The patient comes in, gets treated and pays the bill.

If that patient then returns a couple of weeks later, the hospital gets paid again. The U.S. Centers for Medicare and Medicaid Services wants to put a stop to re-admissions to cut costs. So it’s asked Oregon to track them.

It also wants to reduce so called “all-cause” re-admissions. Lori Coyner of the Oregon Health Authority, says that means a patient has to be treated for all their ailments in hospital — not just the one thing they’re admitted for. Coyner said, “If it’s an all-cause readmission, you can come back for any reason. So you might go into the hospital with pneumonia, leave the hospital and then come back in for a different reason. And that would be an all-cause readmission.”

That’s if it’s within 30 days of the original case. But Coyner says that’s where some see a problem.

She said, “The reason that some people do not like the all-cause measure, is because it does include what are called ‘scheduled readmissions.’ So for example if people have cancer, and come in on a regular basis for cancer treatment and they have to be admitted, then they get counted.”

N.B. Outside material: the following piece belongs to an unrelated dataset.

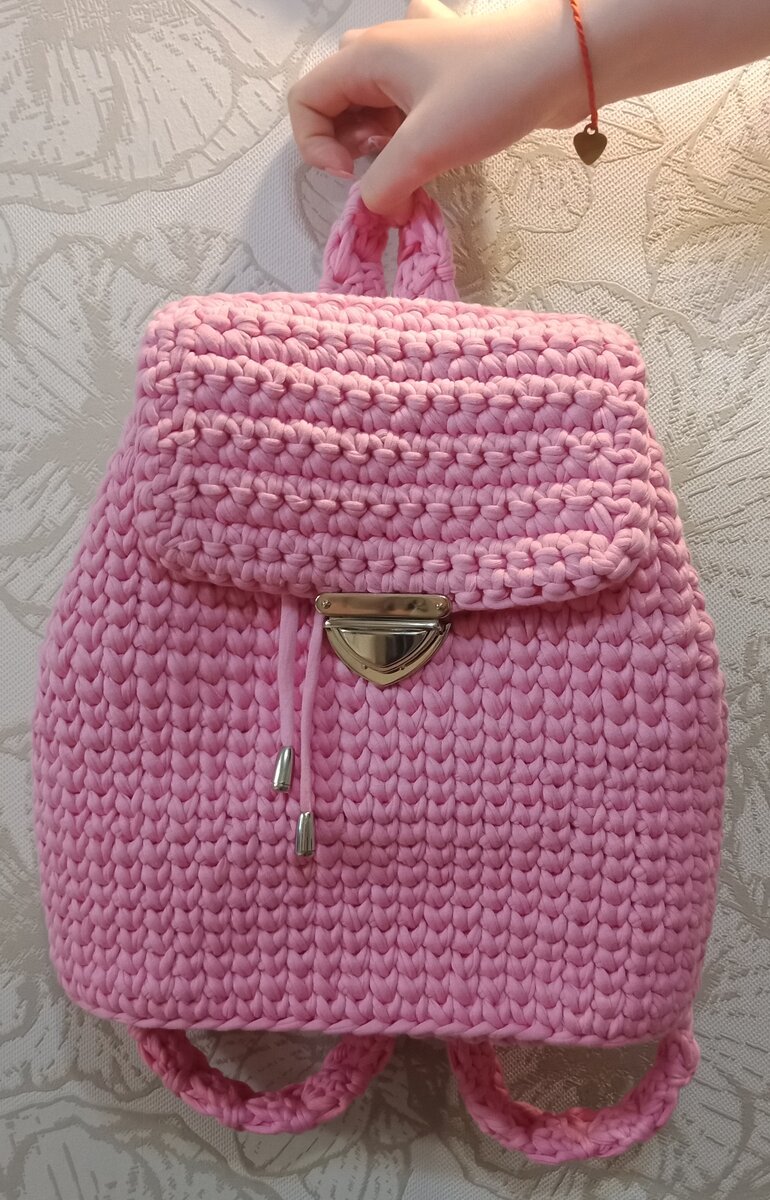 Рюкзачок для дочки. связан из трикотажной пряжи. Получился очень плотный за счет чего идеально держит форму, достаточно вместительный. Дочка пробегала с ним все лето.

Speaking at a recent Oregon Health Policy Board meeting, the president of Oregon Health and Science University, Doctor Joe Robertson, also expressed his doubts about health care providers’ ability to reduce the number of “all call” readmissions.

Robertson said, “It’s one of these trends that will swing too far before it comes back. And we will find people that were not readmitted one week later that are then readmitted three weeks later and they’re there for much longer of it’s much more complicated.”

One of the biggest issues the state has to wrestle with in setting up a new measurement system, is timing. Prevention efforts cost a lot of money in the short term and doesn’t start paying dividends for a long time.

For example, measuring how soon a woman comes in for a pre-natal visit after she finds out she’s pregnant.

The health benefits and the savings of early visits are enormous — a mother can avoid having a child with spina bifida by getting the pre-natal vitamin, folic acid.

But in the short term, having more women turn up for pre-natal visits, is likely to increase costs. The feds have given Oregon $1.9 billion and five years to show it can reduce its rate of medical inflation by two percent.

If the state fails, it faces substantial fines.